One evening when I was closing the windows of the office prior to going home, I pushed one window a little too hard and my right hand went through the glass, badly cutting my wrist and right fourth finger. The storekeeper, a first aid man, was sent for and after temporarily bandaging me up and telling me to keep my forearm up in a vertical position to reduce the loss of blood, he drove me to the Royal Berkshire Hospital where the wounds were sewn up with several stitches. I still bear the scars. My parents had a bit of a shock when I arrived home that evening with my arm in a sling. One other unfortunate incident that occurred whilst I was working at Reading Corporate Transport was when my silver wrist watch was stolen. I had carelessly left it in the washroom and when I missed it later and returned to recover it found that it had disappeared. The CID were called in, although I had not asked for what I considered to be such drastic action, and the theft was traced to the uniformed office boy. I subsequently had to attend at the Juvenile Court in order to repossess the watch, although I asked for the matter to be treated leniently, I believe the boy lost his job as a result.

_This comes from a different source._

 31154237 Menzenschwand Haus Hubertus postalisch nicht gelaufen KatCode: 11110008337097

We lived at the west end of Reading, and my principal recollection of the corporation tramway system was when I used it for travelling to evening classes. I think I was learning mathematics. The School was at the east end of the town near to a tram terminus which was quite a considerable distance from where we lived; our house was situated in Brunswick Hill, towards the west end of Reading, quite near to Reading West railway station. The journey on the tram took nearly half an hour, if I remember correctly, but I always enjoyed travelling on the trams. The route took me past what was known as Cemetery Junction, in the proximity of a large cemetery, where one tram route branched off. The traffic lights at this point were controlled by a policeman who was situated in an elevated box with glass windows in the middle of the junction with a switchboard. The tram depot was immediately behind the offices and I can still hear in my mind the clanging of the foot operated warning bells as the tramcars lurched in and out of the depot.

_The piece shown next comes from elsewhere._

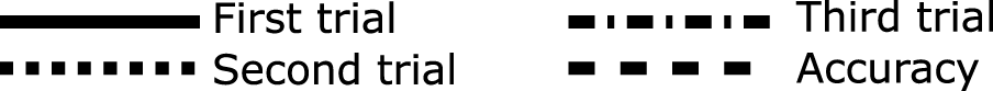 FIGURE 5. The picture explains the meanings of the different line styles used in the error graphs for ERoll, EPitch and EYaw. The legends in those graphs identify each IMU with a different color. The accuracy line, when present, shows the datasheet figure for maximum error so that it can easily be seen whether or not the actual error exceeds the datasheet figure.

A parcels service was run by the Transport Department, and parcels were conveyed by the scheduled corporation buses and trams. When one of the new trolleybus routes was ready to replace the trams, one of my jobs was to travel on one of the new vehicles with the Deputy Transport Manager before the route was open to the public, in order to make notes of the results of brake tests and so on. It was whilst I was employed in local government at Reading that I was engaged with others to work at the Town Hall during one weekend, which earned me a bit of extra money. We were writing out ration books in anticipation of rationing, which soon after became law on account of the outbreak of war.

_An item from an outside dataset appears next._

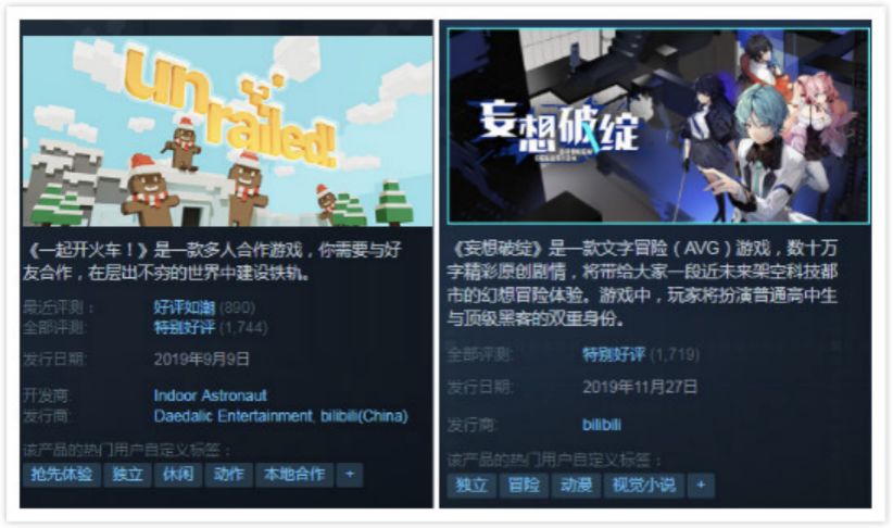 今年7月B站举办了独立游戏发布会,发布了《一起开火车!》《妄想破绽》等五款类型各异的独立游戏。目前《一起开火车!》《妄想破绽》已在Steam上线,《斩妖行》和《重明鸟》还将在明年登陆PS4平台。

One holiday, I think it was Easter, I suddenly decided to cycle from home to my grandmother's (Roberts) home at Bromsgrove. My cycle had no gears and I completed the journey of about one hundred miles in just twelve hours from Reading. The route took me across the Cotswolds and I was particularly impressed by the magnificent view from the summit across Broadway. I returned home a few days later by the same route, if I remember rightly. My grandmother had not expected me and was, of course, quite surprised to see me and, in fact, at first sight mistook me for my cousin Eric, possibly due to her shortsightedness rather than any resemblance.

I was still very keen on railways and became very friendly with a relief signalman at Reading. I spent many happy hours, even at night as well as days, in the signal boxes around the district which he was called upon to work and he taught me the principles of railway signalling. It was he, in fact, who put in a good word for me when, some years later, I applied to be trained as a signalman with British Railways. It was not so easy in those days to get a job on the railway, particularly on the former Great Western Railway, especially if one had no relatives who already worked on the railway.